+++ DATA BLOCK

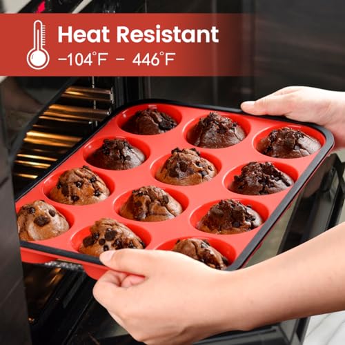 CAKETIME Muffin Pan, Silicone Cupcake Pan Metal Reinforced Frame 12 Cups Regular Silicone Muffin Tray Nonstick BPA Free 2 Pack
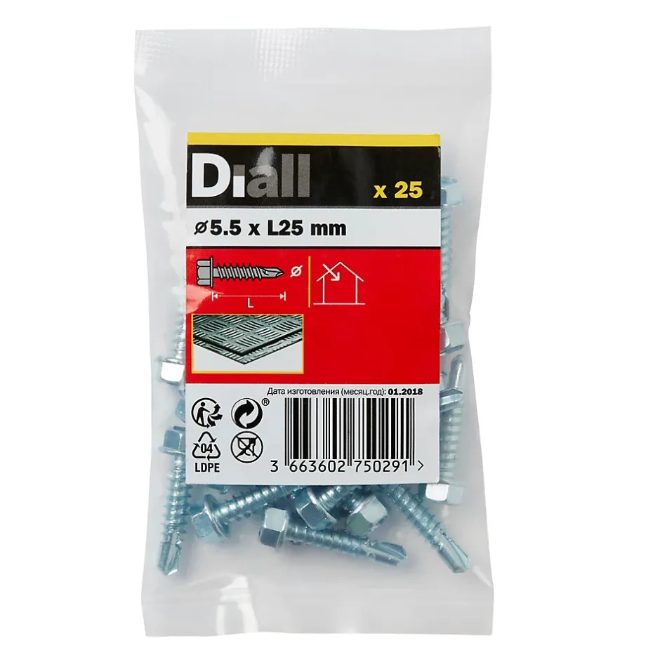 Vis métal auto-perceuses. Longueur du produit : 25 mm. Diamètre du produit : 5,5 mm. Type de filetage : Auto-perçant. Type embout : Pointe trempée.
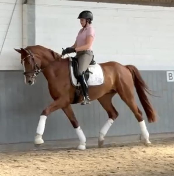 BELLIMORE stands out in many ways. At first glance, he catches the eye with his interesting markings. But he also impresses in terms of movement quality: his walk, trot, and canter are of exceptional quality and can be further promoted and developed. He has a good work ethic, appears somewhat youthful, but is always focused on the rider.
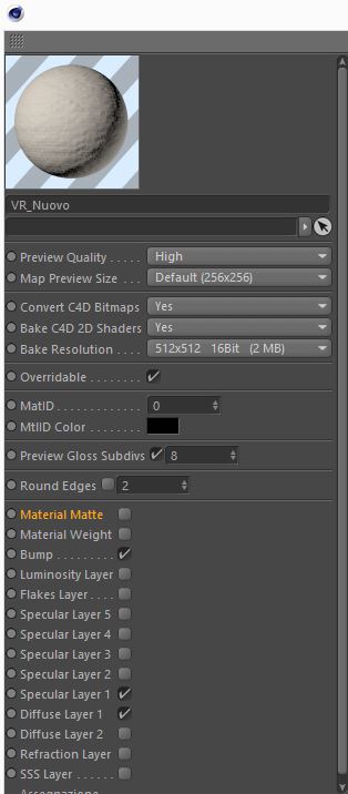 ciao ;) giusto una domanda: ma perchè non ti crei direttamente il materiale in vray invce di crearlo prima in cinema e poi convertirlo in vray? :shock:

++++++

PROBLEM DETAILS => The reply should hold every line of the material above, unchanged, and no pictures.

EXERCISE RESPONSE =>
 CAKETIME Muffin Pan, Silicone Cupcake Pan Metal Reinforced Frame 12 Cups Regular Silicone Muffin Tray Nonstick BPA Free 2 Pack
 Vis métal auto-perceuses. Longueur du produit : 25 mm. Diamètre du produit : 5,5 mm. Type de filetage : Auto-perçant. Type embout : Pointe trempée.
 BELLIMORE stands out in many ways. At first glance, he catches the eye with his interesting markings. But he also impresses in terms of movement quality: his walk, trot, and canter are of exceptional quality and can be further promoted and developed. He has a good work ethic, appears somewhat youthful, but is always focused on the rider.
 ciao ;) giusto una domanda: ma perchè non ti crei direttamente il materiale in vray invce di crearlo prima in cinema e poi convertirlo in vray? :shock:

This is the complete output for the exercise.